Dying is different every time you do it. Only a few people know that though. For Dean, this death is painful but quiet. His body shuts down with blood loss and being ripped apart inside, but it manifests as a stillness. The great, yawning abyss of pain in his chest finally fades away as his life does too. The relief is almost worth it. 
If he doesn't think about his sobbing brother, holding the last family he has as they die in his arm; if he doesn't think about Miracle waiting for them at home; if he doesn't think about the application for a mechanic’s position on his desk; if he doesn't think about all of the life he planned to live now he was allowed... Yeah, it’s a relief. Not to feel like his heart has been scooped out of his chest every time he sees a couple, every time he sees Cas’ coat in the trunk of his car, every time he turns to make a comment about the dumb show he's watching but the sofa is empty next to him...
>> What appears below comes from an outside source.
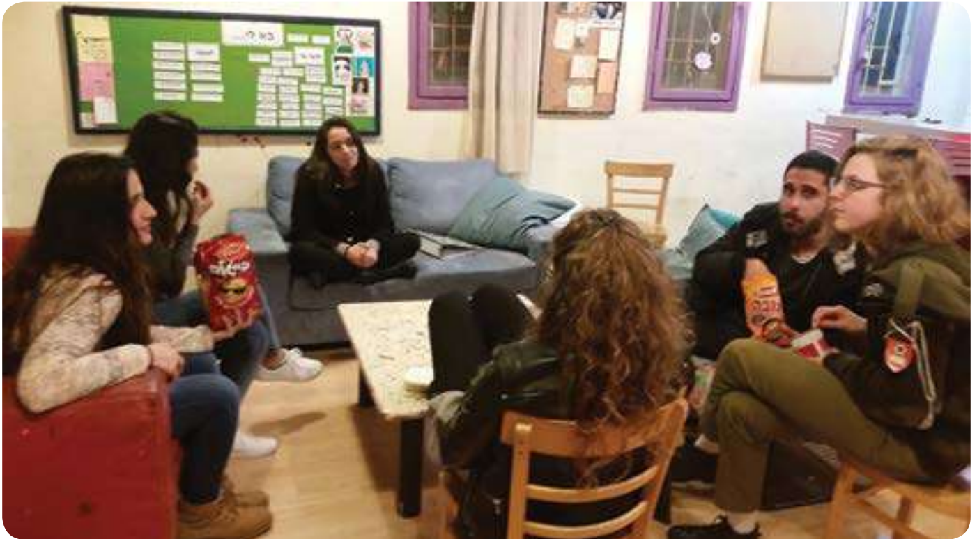
Osem - year-round donations to all the projects nationwide

Dean knows suicidal, could consider it one of his best friends at this point, but he hesitates to answer whether he tried his best not to die tonight. Was he really bested so easily, or did some part of him allow it? 
His hands go numb, the last thing he feels with them are Sam’s hands. His head lulls forward and rests on Sam’s shoulder and Dean can’t lift it again. He can’t even speak to apologise. He concentrates on dragging air into his lungs.
Until he can’t.
And so, quietly, unnoticed by the rest of the universe, and with great relief, Dean Winchester slips from life to death for the last time.